Pilkada - Sesungguhnya Ini Soal Apa?

Awicaks

Ini berangkat dari pertanyaan sederhana. Denny J.A. yang sudah sedemikian berhasil dengan metoda quick-count, mengapa bisa begitu merajai ajang pemilihan kepala daerah (pilkada)? Ibarat penonton sebuah pertunjukan sulap, saya begitu terpesona oleh kecanggihan orang itu. Ketika ia memperoleh penghargaan sebagai seorang political enterpreneur, saya pun terkesiap. Political enterpreneur? Maka pertanyaan saya pun saya tarik kembali....

Era pasar bebas yang serba tergesa, serba kemilau oleh kemasan, ternyata memang sangat ganas merambah semua ranah tata-kehidupan manusia. Tak terkecuali politik. Maka pelajaran-pelajaran dasar demokrasi pun mesti tak diajarkan lagi. Pertama karena ia sudah tak relevan. Kedua, karena politik tak lebih dari arena pemenangan. Jadi ini bukan perkara benar-salah, tapi sesederhana perkara menang-kalah.
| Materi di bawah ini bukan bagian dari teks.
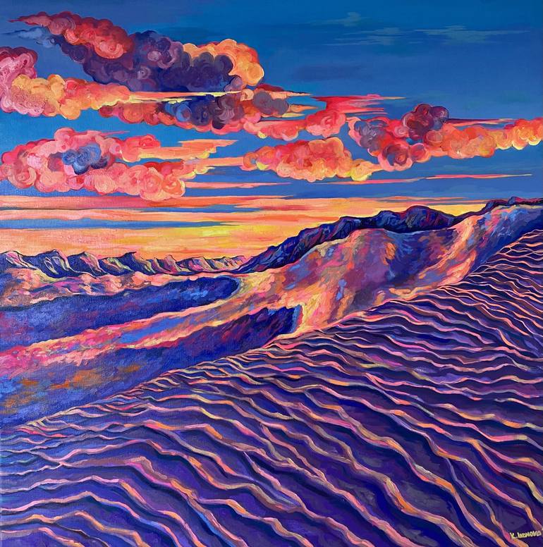 I enjoy landscapes, I also see them magically through my eyes. I love the sunsets, I love the sunrises, they all bring their special touch to the nature. Enjoy the beautiful colors in this piece of art!

Menang-kalah di era pasar bebas yang serba tergesa dan serba kemilau menuntut manipulasi-manipulasi produk. "Buatlah warga membeli sesuatu yang sesungguhnya ia tak membutuhkannya."

Sehingga program-program pendidikan publik lewat media televisi, seperti yang diusung Wimar Witoelar dan Effendi Gazzali, jadi seperti kotbah-kotbah kosong para pemuka agama tua, yang tak mampu mengejar kemilau gaya hidup pemuka agama usia muda, yang tahu bagaimana merebut perhatian pangsa agar mau membeli produk-produknya. Padahal Wimar dan Effendi adalah dua orang pakar komunikasi. Agaknya pesan moral memang tidak akan pernah bisa dikemas sedemikian rupa dalam komoditas pasar bebas yang serba kemilau dan serba tergesa. Acara Gubernur Kita mencoba membalikkan opini publik dengan coba mengganggu para kandidat yang lebih mengandalkan kuasa dan modal. Pada akhirnya kedua pakar komunikasi itu pun harus takluk tunduk kepada aturan pasar, ketika kuasa modal menghentikan langkah mereka.
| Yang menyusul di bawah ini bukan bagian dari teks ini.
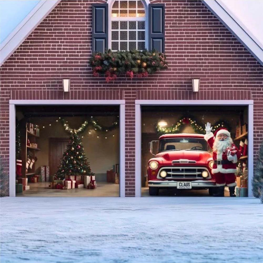 Introducing the Coolest Thing Since Reindeer on Roofs: 'Santa's Garage Christmas Garage Door Cover!' 🎄🚪

Pengalaman Pilkada Nanggroe Aceh Darussalam (NAD) adalah satu anomali. Anomali yang timbul oleh kepongahan para politikus yang bersandar pada kuasa dan modal. Namun juga anomali yang merupakan reaksi negatif terhadap peran-peran para konsultan pemasaran politik. Calon independen bukan sesuatu yang atraktif sekarang ini buat para konsultan pemasaran politik. Pertama, karena mereka tidak punya modal besar, sehingga tak akan mampu membayar professional rates mereka yang sudah sedemikain tinggi. Kedua, partai politik masih tetap menjadi simpul-simpul pemasaran komoditas politik yang handal hingga saat ini. Tetapi ini lebih kepada besarnya nilai transaksi, bukan soal hasil akhir, menang-kalah.

Pemilihan Gubernur Daerah Khusus Ibukota (DKI) Jakarta adalah pertarungan yang aneh. Pertarungan antara akal sehat, kebutuhan tanding yang elegan dengan kerakusan para political enterpreneurs. Jadi, ini sesungguhnya soal apa?